3. Manifestly Arbitrary test
The Court rejected this argument by holding that the revised guidelines were issued after proper application of mind as: –
a. The academic calender in the earlier guidelines contemplated the conduct of examinations by July 2020, and the revised guidelies extended this deadline to September after noticing that “The number of covid cases are still rising and likely to increase further…”
b. The revised guidelines allowed three modes for conducting examinations for final year students (Offline, Online and Hybrid mode).
c. Provision for examination through special chance to any final year student who is unable to appear in the examinations due to any reasons.
Now unlike the “classification test”, there are no fixed standards for applying the manifestly arbitrariness test, and the Court has previously explained arbitrariness to be, “Manifest arbitrariness, therefore, must be something done capriciously, irrationally and/or without determining principle. Also, when something is done which is excessive and disproportionate, such legislation would be manifestly arbitrary.”

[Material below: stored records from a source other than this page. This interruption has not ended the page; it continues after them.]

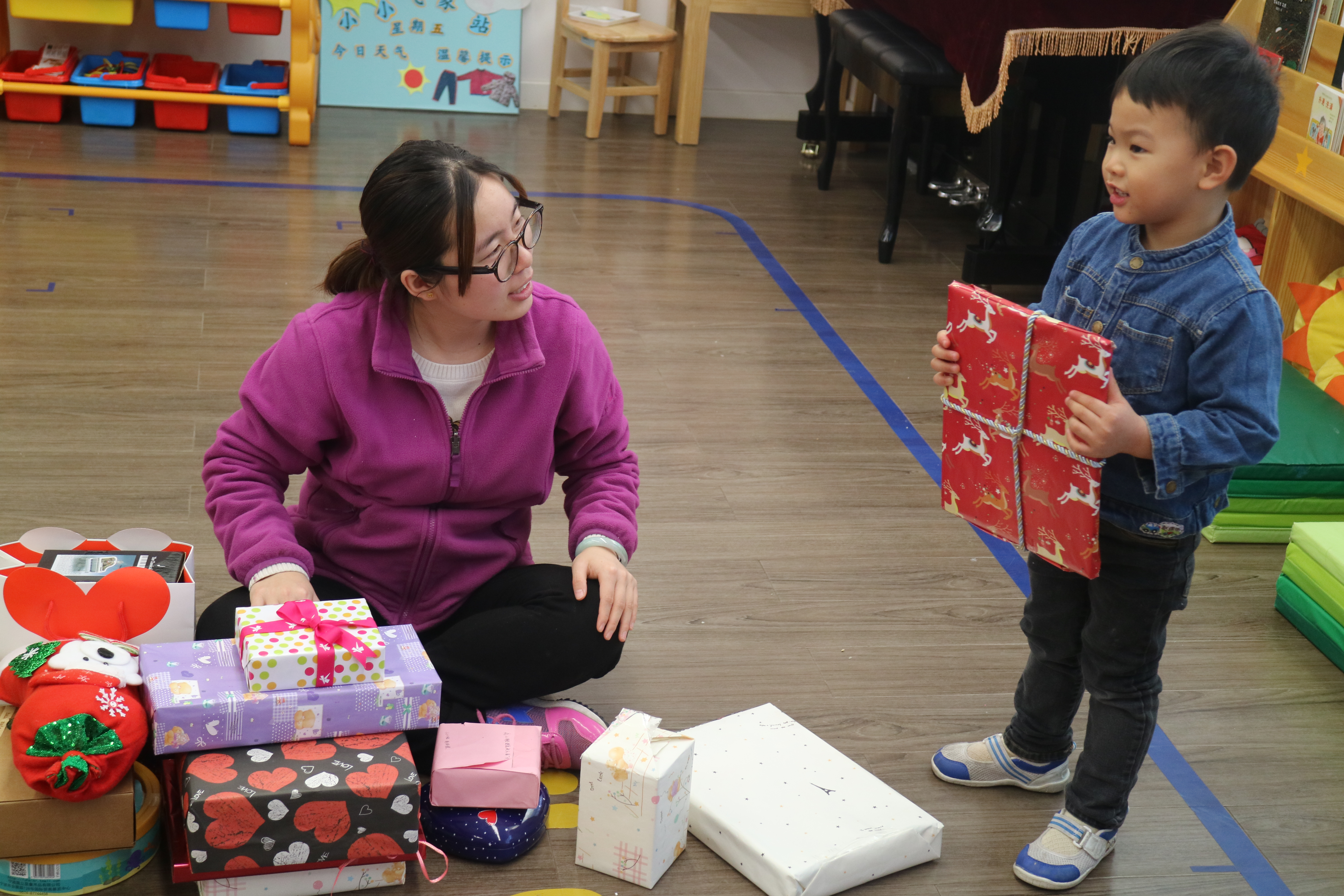 小朋友自己拿着“圣诞礼物漂流卡”,在全园小朋友的礼物里面自主选择心仪的礼物,快乐的行动马上开始!
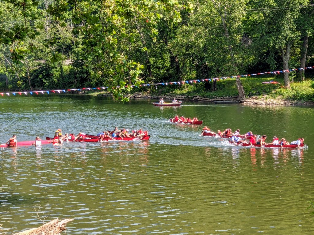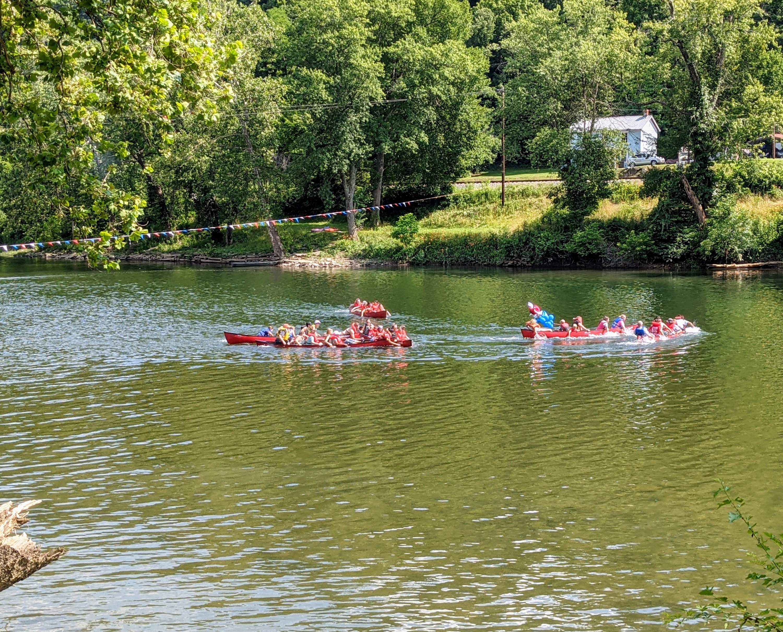 When we left the trail, we went to Alderson for the largest 4th of July celebration in West Virginia. They were having some canoe races and a rubber duck race where they raffle off tickets, dump rubber ducks in the river and the one who crosses the finish line first wins $5000. Unfortunately, they were sold out of duck tickets when we got there. We stayed for a few canoe races. The most exciting was the 6 man because many of the canoes capsized.
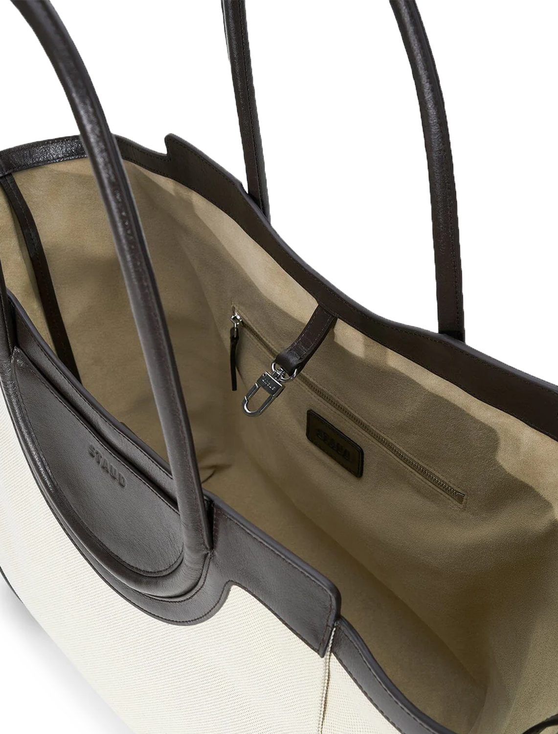 The Maude Tote is an open top tote bag with gusset closure ties and a center top dog-clip closure to keep your belongings secure. It features the Maude family's signature rounded straps and includes an interior zip pocket.

Thus there is no specific manner in which this test needs to be applied, however it can be noted that, here, the Court failed to note that the academic calender provided under the earlier guidelines were only suggestive in nature, and allowed the Universities to adapt them to their needs. Furthermore, since there was no mandate for conducting examinations for the final year students in the earlier guidelines, many Universities, including certain National Law Universities and IITs’ had awarded degrees based on the aggregate marks of the final year students.
Maybe if the Court had taken these factors into account, then the result would have been different.
During the hearing, Justice Bhushan had observed that students cannot decide on their welfare, and that only the authorities were competent to decide the same. However the students could hope that the authorities make reasoned decisions on their future, and that when the decision was challenged before the Court, the Court would examine the decision against the constitution by applying the well established constitutional tests under Article 14. In our humble opinion, the Court has failed in this exercise.